I decided to go with spec-tools (which included changing the result-set-read-column), mostly for educational purposes. While the code seems tolerably clear to me, i have a nagging suspicion I’m missing something in how I’m putting it together. There is some redundancy in that I use a try-catch to determine whether it is formattable with the date formatter, and then I wonder if I’m missing a more obvious way than to do an (if (valid?)) with the spec. Any recommendations to more idiomatically or cleanly do this are welcome (though, to be clear, this one is working out alright). This is essentially my first time attempting to apply Spec.

;; in my db namespace
(extend-protocol jdbc/IResultSetReadColumn
  Date
  (result-set-read-column [v _ _] (-> v t/to-local-date))

  Timestamp
  (result-set-read-column [v _ _] (-> v t/to-localtime))

  Time
  (result-set-read-column [v _ _] (-> v t/to-localtime))

  Array
  (result-set-read-column [v _ _] (vec (.getArray v)))

  String
  (result-set-read-column [v _ _] (t/maybe-as-date v)))

;;;;;;;;;;;;;;;;;;;;;;
;; in my `t` namespace
(defn curr-academic-date-string?
  "Determine whether a string is of the format needed to be a currAcademic whichdate"
  [s]
  (try 
    (do (time/local-date FORMAT s)
        true)
    (catch Exception e false)))

(s/def ::date
  (st/spec
   {:spec #(or (time/local-date? %) (curr-academic-date-string? %))
    :description "Is a local-date or a string like the DB uses to indicate a date"
    :decode/string #(to-local-date %2)
    :encode/string #(localdate-to-string %2)}))

(defn maybe-as-date
  "Transform a curracademic string to a date, or return any other string"
  [s]
  (if (s/valid? ::date s)
    (st/decode ::date s st/string-transformer)
    s))

It’s dangerous to extend protocol for a common type like String that way: now every piece of data from any column with type String will go through that maybe-as-data function which results in global warming (just kidding, I mean most of the computation is wasted because most String column is of not that “date in string clothing” type). Another problem is: any piece of data from any other columns with type String that happens to have a date-ish value will be converted to Date type.

1 Like

Completely agreed. However, it was the fastest (for me) 99% effective solution I could find, despite the problems and wasted computation you mention. Next I need to look at the library earlier cited that allows considerations based singly upon the table and row.

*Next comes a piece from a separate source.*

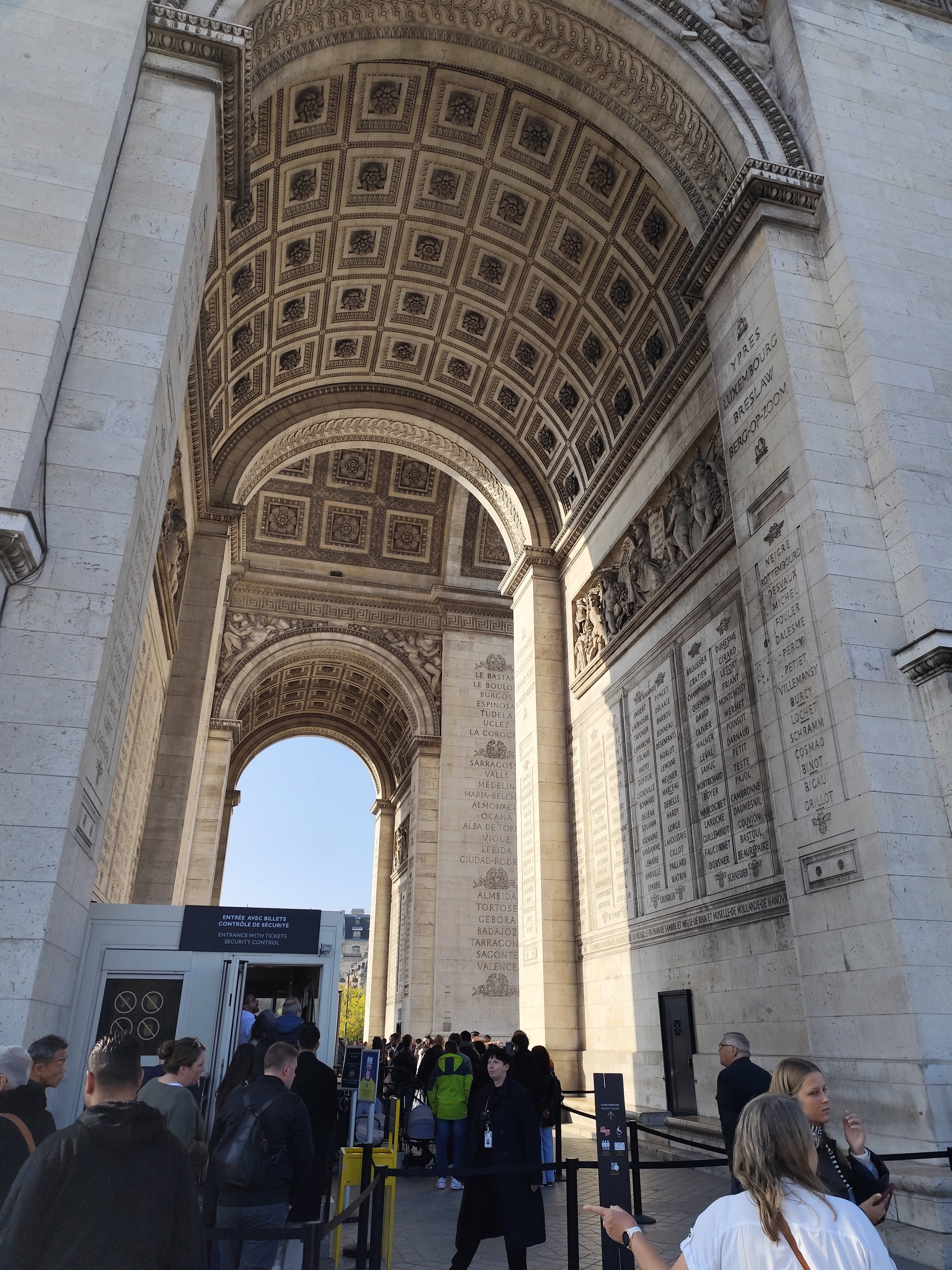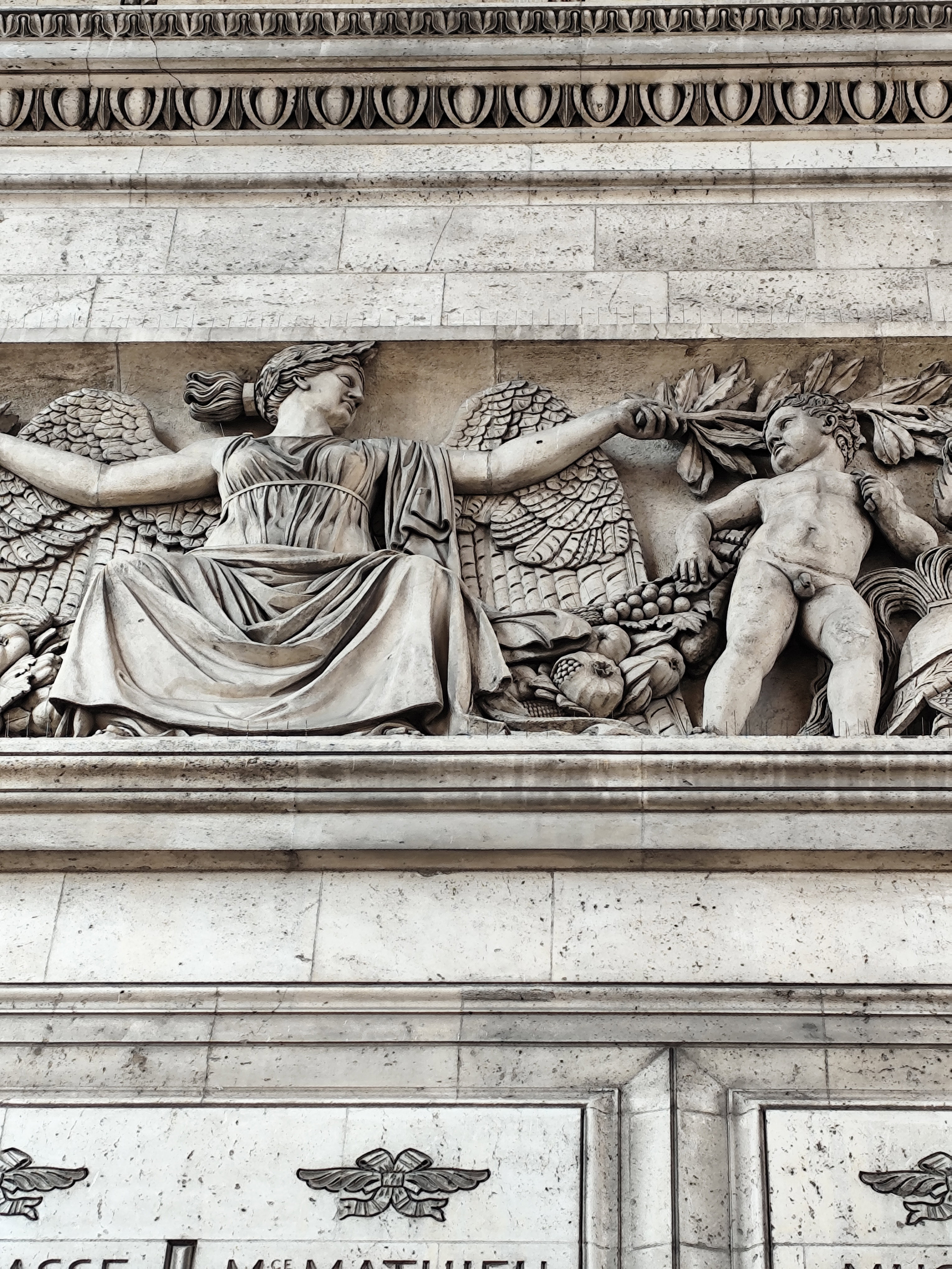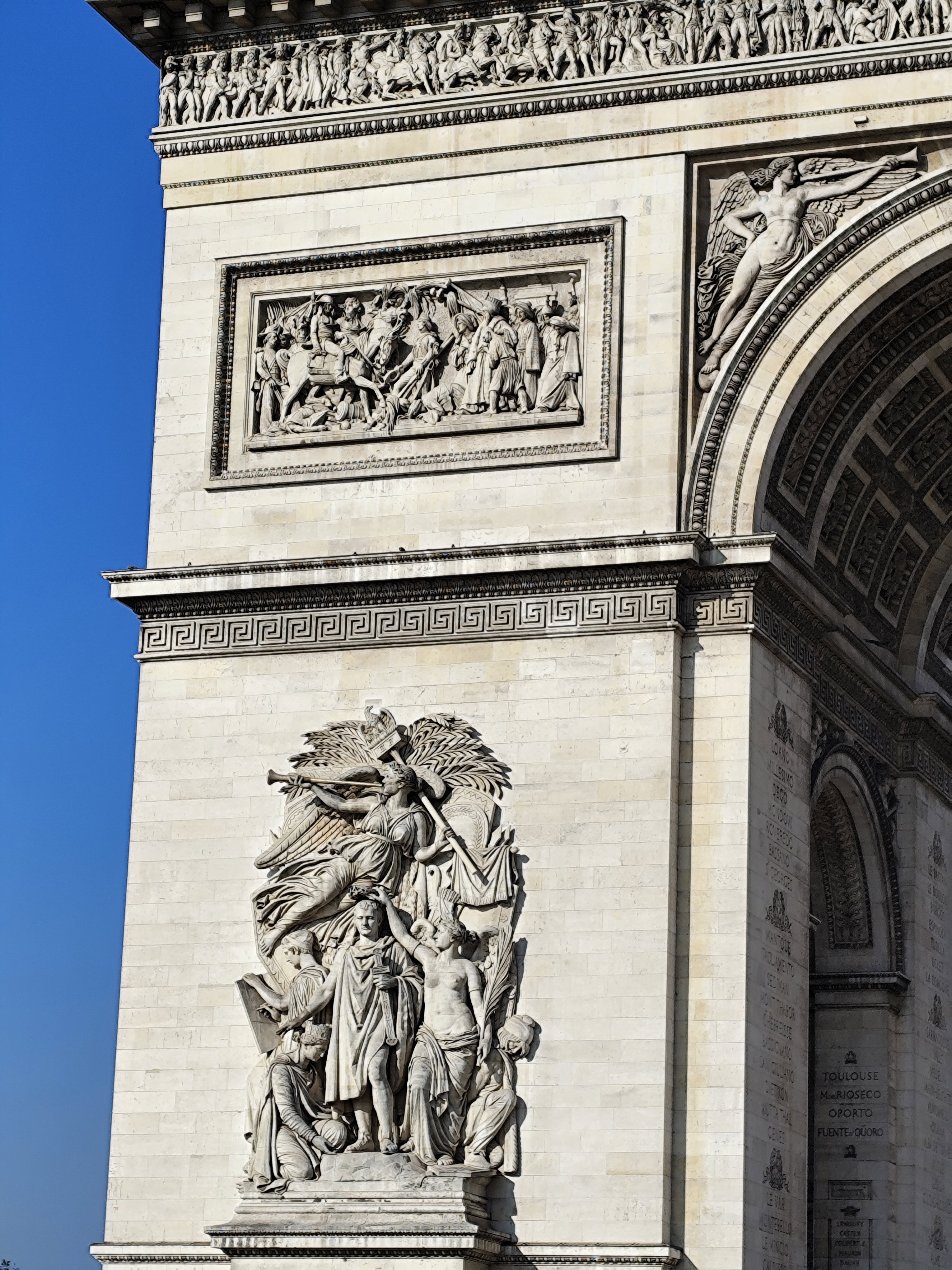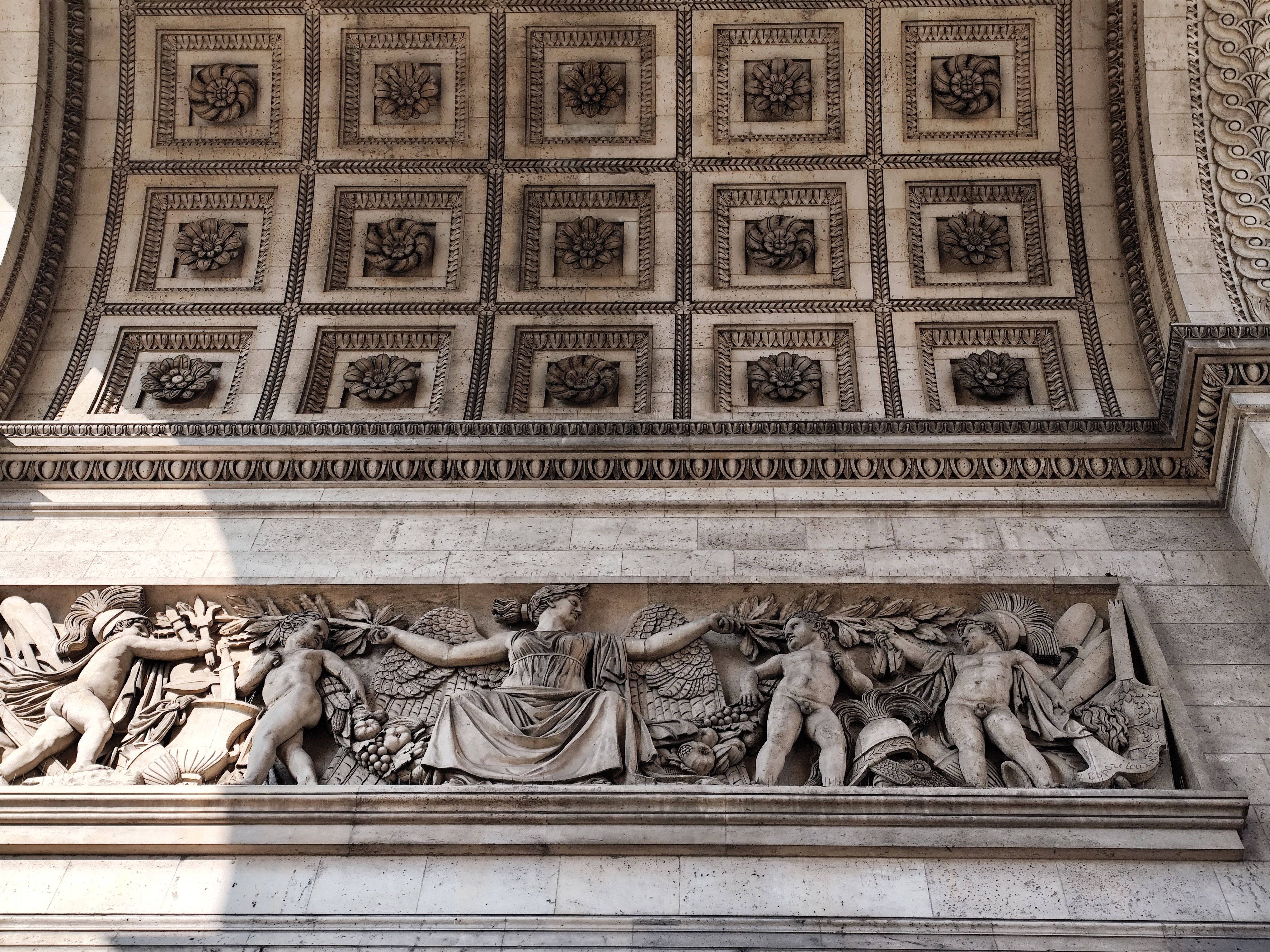 Триумфальная арка украшена барельефами, представляющими аллегорические композиции побед Наполеона (крылатые девы с фанфарами, триумфальные процессии). Изящество арочной конструкции подчеркивается кессонным потолком, панели которого создают сетчатый рисунок и добавляют потолочному пространству архитектурную элегантность.

It’s probably worth mentioning that result-set-read-column is passed the ResultSetMetaData and column index as the second and third argument so you can restrict your coercion to specific tables and/or columns. See https://docs.oracle.com/javase/7/docs/api/java/sql/ResultSetMetaData.html for the things you can do with the rsmeta argument.

Excellent; that is very helpful. Thanks!